Dataset records

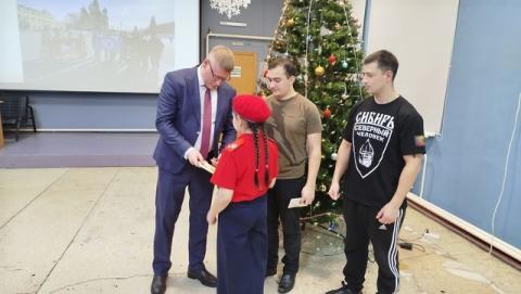 Заместитель Главы Туруханского района по общественно – политической работе Владимир Сергеенко вручил юным бойцам отряда юнармейские книжки.
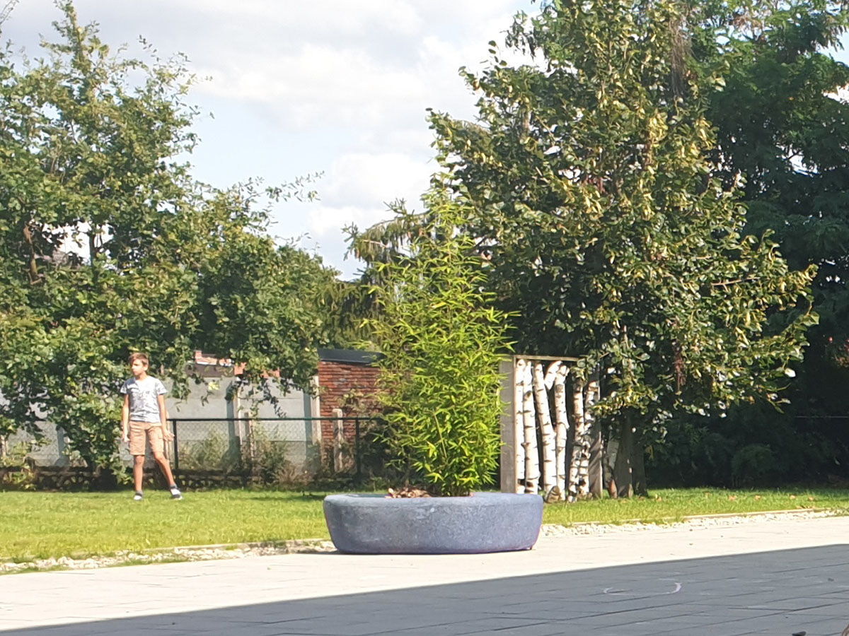 Diameter 120 cm, zithoogte +/- 33 cm. Zeer geschikt voor winterharde bamboe;
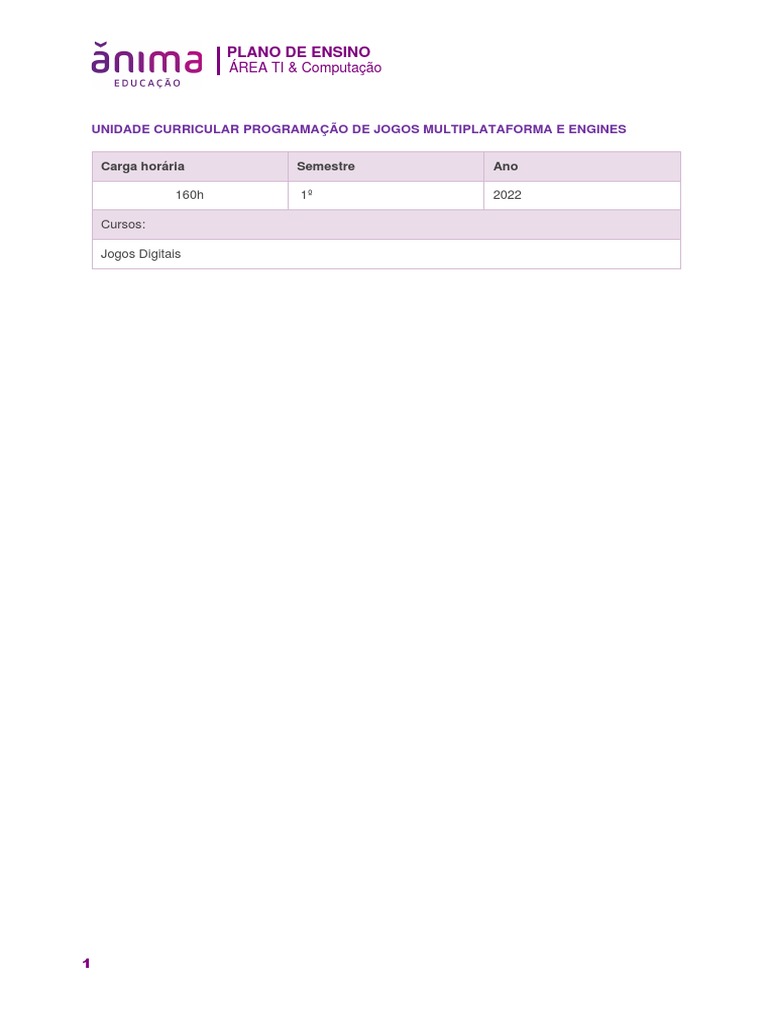 UNIDADE CURRICULAR PROGRAMAÇÃO DE JOGOS MULTIPLATAFORMA E ENGINES
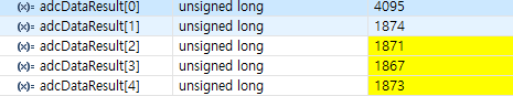 그 다음으로는 Interrupt를 사용해 ADC 변환 값을 읽고 Task에서는 변환 요청만 주었다.
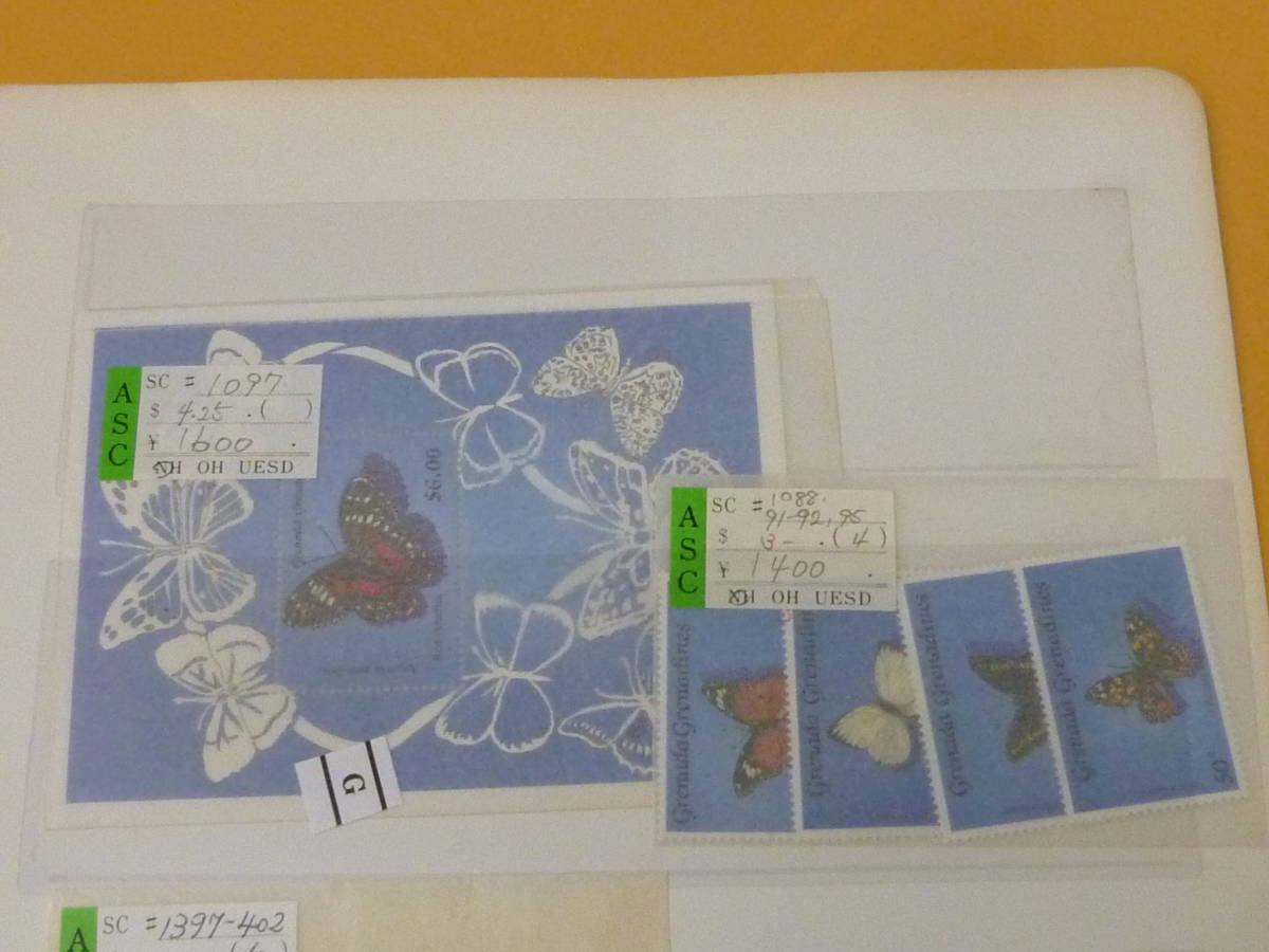 21MI S №46 世界各国 蝶切手 グレナダグレナディーン・他 計17種+小型シート2種 2リーフ 未使用 ※説明欄必読

= About this exercise =
In your copy, include no pictures, but set down every record exactly.

= Output below =
 Заместитель Главы Туруханского района по общественно – политической работе Владимир Сергеенко вручил юным бойцам отряда юнармейские книжки.
 Diameter 120 cm, zithoogte +/- 33 cm. Zeer geschikt voor winterharde bamboe;
 UNIDADE CURRICULAR PROGRAMAÇÃO DE JOGOS MULTIPLATAFORMA E ENGINES
 그 다음으로는 Interrupt를 사용해 ADC 변환 값을 읽고 Task에서는 변환 요청만 주었다.
 21MI S №46 世界各国 蝶切手 グレナダグレナディーン・他 計17種+小型シート2種 2リーフ 未使用 ※説明欄必読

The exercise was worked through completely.